Как же долго он мечтал о том, чтобы смотреть на нее вот так. Открытую, без всего. Увиденное покорило, врезало под дых, пленило мужское начало. Он слишком долго сдерживал в себе желание, поэтому и подвис с первого взгляда. Однако где-то глубоко внутри, некая мелкая мыслишка, навязчивым червячком не давала шагнуть вперед и коснуться заветного.
— Не поняла, эй?! — опешившая настоящая Слагалица дернулась на путах, — Петя, ты что, алле, какая Степушка?!
— Ну все, приплыли! — охнула из клети Манара.
— Что… что происходит? — повернулась к ней Степа, — кто они и почему в меня превратились?
— Не льсти себе, одна всего! — съязвила лже-Евдотья, — погляди на остальных!
Повернувшись в сторону прохода на тот свет, Степка открыла рот да так и замерла. Что ни минута — то очередная дичь!
Огневик держал на вытянутых руках Нидару, Первую Слагалицу. При этом так жадно шарил по той взглядом, впору засормиться. Точно, Нидару, не спутать. Такой ее помнила Степка из последнего видения. Еще достаточно стройной, невысокой, с невероятной россыпью веснушек на белом, как сметана теле.
— Ни-и-и-да, моя Ни-и-и-да, — шептал он, — любимая!
— Да-да, я! Поцелуй меня, сейчас же! — потребовала рыжая искусительница.
— Ты пришла? Это правда, ты?
— Конечно! — женщина приблизилась и поднявшись на цыпочки, прижалась к губам, — не видишь разве?
— Коля! Ты болван! Осел! — выкрикнула Манара, покрутив пальцем у виска, — придурок старый, откуда Нида? Это богинка, остолоп!
А Степанида перевела взгляд дальше и застонала. Никита обнимался с голой Вестой, одной рукой распуская той заплетенную косу, а второй сжимая маленькую, упругую ягодицу.
Гор же лежал на сухой траве, широко раскинув ноги, а сверху его оседлала обладательница самых шикарных форм, какие только довелось видеть. Большая, высокая грудь, пышные бедра, каких даже у Степаниды до похудения не было, и осиная талия.
— Вот ты и попался! — рассмеялась женщина и ее большая грудь затряслась прямо у лица лесника, — поцелуй моих милашек! — лесник завороженно потянулся и потерся щетиной о предложенные телеса.

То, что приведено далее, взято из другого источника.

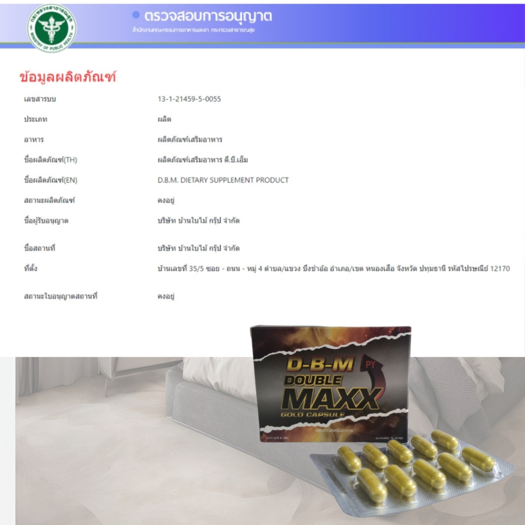 รายละเอียดสินค้า D-B-M ผลิตภัณฑ์เสริมอาหาร Double Maxx อาหารเสริมบำรุง ฟื้นฟูร่างกาย (6กล่อง =60แคปซูล) ไม่ระบุสินค้าหน้ากล่องหน้าสินค้า

— Ах, вы… — задохнулась Степанида.
— М-да, быстро они их оприходовали! С первого взгляда, чтоб су-у-у-у-к разорвало! — Манара с досадой ударила по прутьям клети, — о, гляди-ка, еще одна!
Степка резко повернула голову в сторону стоящего дальше всех водяника и выругалась смачно, в стиле охоронников дома:
— Вот, блудяка!
Митя целовался с анорексичного вида блондинкой, остриженной под мальчика, которая буквально впечатала его в ближайшее дерево, потираясь как кошка и откровенно лапая ниже талии.
Один лишь чаур продолжал пятиться от голой псеводо-Степки, тем не менее не отрывая взгляд от манящих округлостей. А мерзавка гладила себя, соски теребила, бедрами покачивала, да губки облизывала, все приближаясь и приближаясь.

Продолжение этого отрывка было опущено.